Satiation Guaranteed

When Becky sent me the Winter, 2010 Alimentum to review, I wasn’t particularly excited. All I knew about the journal was their subtitle, “The Literature of Food,” so I imagined an endless series of paeans to chocolate, perhaps a cookbook review or twelve, and an essay about how kopi luwak is made (by passing coffee beans through the digestive tract of the Asian Palm Civet, for those who have to know). It took me weeks to finally get around to opening and reading this issue, and now that I’d done so? I could say I’ve got egg on my face, maybe that I’m eating crow, but I won’t -- because reading or writing such trite food-related clichés is as unlike the experience of reading Alimentum, as eating beluga caviar at L’Astrance in Paris is to participating in a International Federation of Competitive Eating hot dog challenge at Coney Island.
The fiction is this issue of Alimentum includes nine stories, most of them running to the shorter lengths. “Sacrifice in Fukuoka,” by the late Paul Silverman, may center around an American eating horse while on a business trip to Japan, but it is a primarily a unique story of desire and negotiation between two people of different races, sexes, and classes.

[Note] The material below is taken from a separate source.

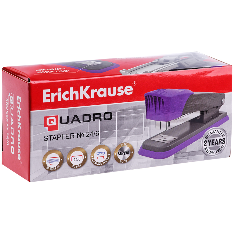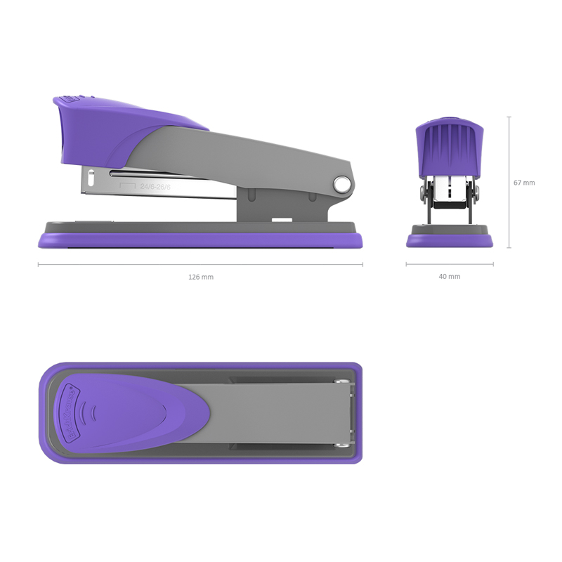 Степлер полностью изготовлен из высококачественной стали. Имеет два режима скрепления: постоянное и временное, а так же цельнометаллический механизм подачи скоб. Вмещает до 80 скоб №24/6 и до 100 скоб №26/6. Пробивает до 30 листов. Глубина закладки бумаги до 60 мм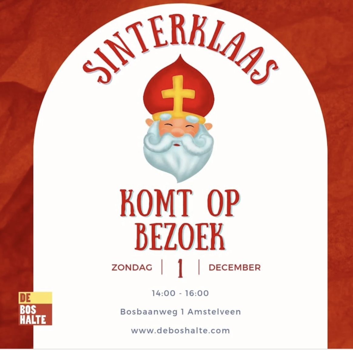 Sinterklaas is weer in het land en hij komt tijdens dat hij ook even bij de Boshalte op bezoek komt. Komen jullie ook gezellig langs?

Carol Parikh’s “Cakes for All Occasions” is a beautiful short-short about death, desire, and a bakery that rewards re-reading. Another short-short, “Comfort Food” by M.E. Parker, is also about the death of a relative, an abusive father, but doesn’t hold quite up as well upon examination. Parikh’s story weaves a connection between the food and the narrator’s emotional state of mind in a succession of mini-scenes, while Parker’s is a more simple juxtaposition: memories of abusive father/daughter moments alternate with a male-served meal of barbecue and beans and leaves the weaving as an exercise for the reader.
“The Big Juan” is a longer piece by Michelle Panik, that tells the story of how a teenage girl is displaced in her father’s affections by a troubled boy, three interesting and fully-depicted characters with disparate motivations in a relationship that changes all of their lives. It also happens to include food-eating contests and the characters’ restaurant reviews. Rebecca Louie’s “The Ascent,” a shorter piece, does a wonderful job describing the surface events of the narrator’s quest for meat at a vegetarian jungle retreat without much illumination of the reasons behind the quest (beyond the obvious), and suffers by comparison.

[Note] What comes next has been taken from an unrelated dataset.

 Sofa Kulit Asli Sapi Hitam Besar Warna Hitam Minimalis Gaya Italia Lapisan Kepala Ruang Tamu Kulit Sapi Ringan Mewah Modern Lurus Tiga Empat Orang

“Chestnut” by Katherine A. Gleason is a flash piece of a vaguely dysfunctional family’s Thanksgiving that didn’t stay with me very long after reading. And then there was “Apples” by Erik Hanson. “Apples” is about a dog, and apples, and hungry soldiers, and the evils of war, a terrible story with unpleasant characters an unhappy ending that you should read, and that will stay with you forever, because it is unsparing in the depiction of the large and small cruelties, and triumphs, that happen in wartime. “Beans,” by Larry Crist and “Starving” by Richard Schmitt are both serviceable shorts about parents struggling with their poorly behaving (“Beans”) or well-behaving (“Starving”) adolescents, but “Apples” was the best story of the issue for me.

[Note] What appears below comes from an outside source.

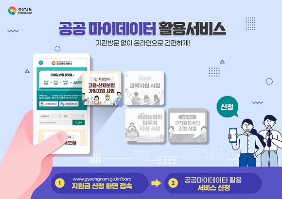 경남도는 '공공 마이데이터 활용서비스' 시범구축을 완료하고 올해 '1인 자영업자 고용·산재보험료 지원사업'을 시작으로 4개의 도 지원사업 신청 서비스를 시행한다고 24일 밝혔다.

There are 24 poets represented in Alimentum, many of them with two poems each (including, I have to say, more than one paean to chocolate), some of which were little more than recipes, although they did sound delicious. My favorites were “Bread” and “Burning the Bread Board” by Maura Stanton, the funny and seductive “Gluten-Free Poem” by Jax Peters Lowell, and “Oatmeal Everyday” by Alisa Gordaneer.
The non-fiction essays were as good as the fiction, and like the fiction, the best of them said much more about life than about their food-related subjects. The title subject of “Gjetost” by Peter Selgin may be a stinky cheese, but this is a coming-of-age memoir about sex, seduction, and love. “ Front Yard Fruit” by Ellen Estilai is about mulberries, and “Persian Perfection” by Becky Ruiz Jenab is about baking bread, but both are also about the obligations of family and community, and about living a life separated from your cultural heritage. “The Late, Late Kitchen” by Artis Bernard, on the other hand, is well-written, but is quite literally about making an omelet and breaking eggs. There is also an interview with Deborah Madison, a chef and food writer.